FTSE Russell to Announce Korea's WGBI Inclusion on 9th
'Market Accessibility' Condition Not Met
"Even if WGBI Inclusion Fails, Supply-Demand Volatility Likely Limited"

Ahead of next week's announcement of the bond country classification results by the Financial Times Stock Exchange (FTSE) Russell, many in the securities industry expect that South Korea's inclusion in the World Government Bond Index (WGBI) will have to wait until next year. This is based on the assessment that the 'market accessibility' criterion for WGBI inclusion has not yet been met.


WGBI Announcement Imminent... "Expect Inclusion After Next Year"

According to the financial investment industry on the 4th, FTSE Russell will announce on the 9th, Korea time, whether Korean government bonds will be included in the WGBI. South Korea was listed as a watchlist country, a pre-inclusion stage, in September 2022 but failed to be included in the first half of this year as well as last year. This marks the fourth attempt at inclusion.


In the market, there is optimism that Korean government bonds could be included in the WGBI this time, as related systems have been improved, such as the launch of integrated government bond accounts from June to facilitate foreign investors' trading convenience and the extension of trading hours in the foreign exchange market. On the 30th of last month, Choi Sang-mok, Deputy Prime Minister and Minister of Economy and Finance, also stated ahead of a town hall meeting that "all conditions are considered to be met. I hope the inclusion decision will be made quickly" regarding WGBI inclusion.


If included in the WGBI, it is expected that tens of trillions of won will flow in due to improved accessibility to Korean government bonds in the global financial market, and there will be an effect of exchange rate stabilization. In fact, looking at the cases of Mexico and South Africa, both countries experienced a strengthening of their foreign exchange and bond markets after being included in the WGBI.

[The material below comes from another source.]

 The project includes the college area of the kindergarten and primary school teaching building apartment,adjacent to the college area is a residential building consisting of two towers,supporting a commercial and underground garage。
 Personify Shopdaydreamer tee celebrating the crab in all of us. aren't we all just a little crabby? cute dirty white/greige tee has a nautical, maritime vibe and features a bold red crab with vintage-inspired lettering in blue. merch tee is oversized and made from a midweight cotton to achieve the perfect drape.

However, many in the securities industry believe that the possibility of inclusion in the WGBI this time is low. Yoo Sang-young, a researcher at Korea Investment & Securities, said, "Authorities have made institutional improvements such as opening integrated government bond accounts and extending foreign exchange market trading hours, but FTSE Russell acknowledged these efforts while stating that continuous and substantive confirmation of institutional implementation is necessary." He added, "South Korea currently meets all the quantitative requirements demanded by FTSE Russell, but it has not met the qualitative requirement of 'market accessibility.' The possibility of inclusion in the WGBI this time is limited." He also analyzed, "The disappearance of WGBI-related factors could act as an unfavorable condition for supply and demand in the government bond market at the end of the year."

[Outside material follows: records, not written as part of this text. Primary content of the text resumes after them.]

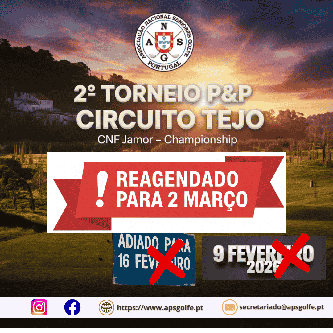 Voltamos a informar que somos obrigados a reagendar o 2º Torneio P&P Circuito Tejo, que estava marcado para o dia 12 de fevereiro, no Jamor, passando agora para o dia 2 de março.
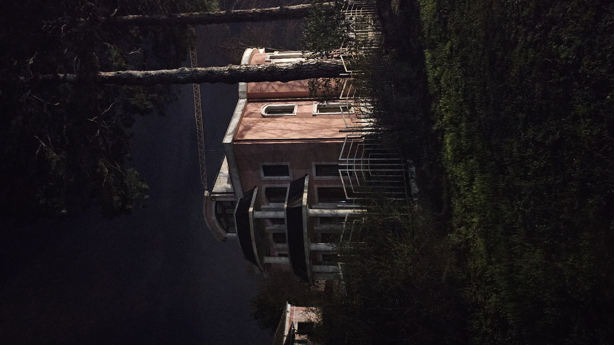 The image depicts a multi-story building at night in Hisarya, Bulgaria. The building has a unique architectural style with a curved section and balconies supported by pillars. The exterior is painted in shades of red and gray. Part of a tree is visible in the foreground, obscuring a crane structure in the background. The environment includes dark areas, possibly indicating nighttime or low-light conditions. The right side of the image is partially obscured by vegetation. Another structure is visible at the bottom of the frame.
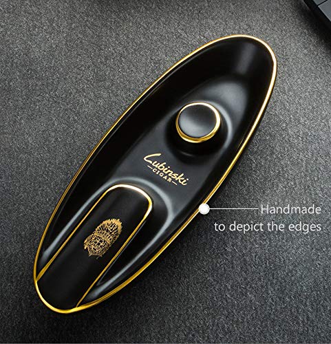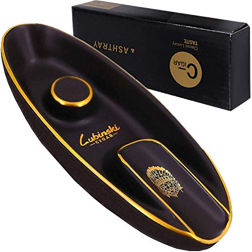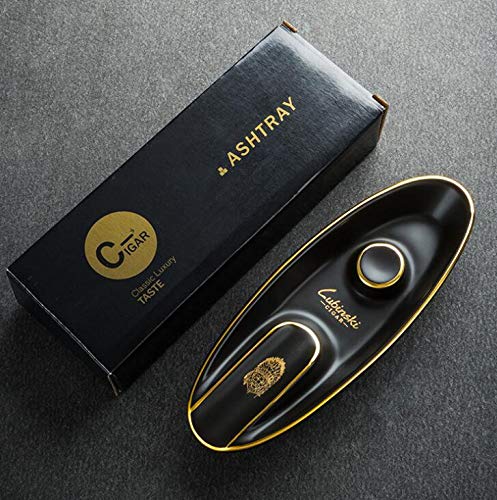 منفضة سجائر صينية من السيراميك من LUBINSKI ، حامل سيجار على شكل عصري منفضة سجائر بتصميم عتيق لتزيين المكاتب المنزلية في الفناء الخارجي ، هدية للعطلات (أسود) قطعة واحدة

There are also concerns that even upgrading the market accessibility level could be difficult. To be included in the WGBI, market accessibility must be at level 2, but South Korea currently remains at level 1. Lim Jae-kyun, a researcher at KB Securities, said, "It is necessary to first confirm whether market accessibility will be upgraded, rather than the inclusion itself." He explained, "The most important factor for market accessibility to be upgraded is the actual experience of investors, but in the case of Korean government bonds, settlement through the Euroclear system is not active, so market accessibility may not be upgraded." He added, "Even if market accessibility is upgraded immediately, FTSE rules state that inclusion in the WGBI occurs at least six months after the upgrade, so the inclusion timing may be further delayed."


However, there is a view that capital outflows due to failure to be included in the WGBI will not be significant. Kim Ji-man, a researcher at Samsung Securities, said, "I believe that market accessibility will be upgraded to level 2 in this announcement and inclusion in the WGBI will occur in March next year." He pointed out, "Since there is still time until actual inclusion in the WGBI, there are not many foreign funds currently inflowing that track the WGBI, so concerns about foreign capital outflows are not large."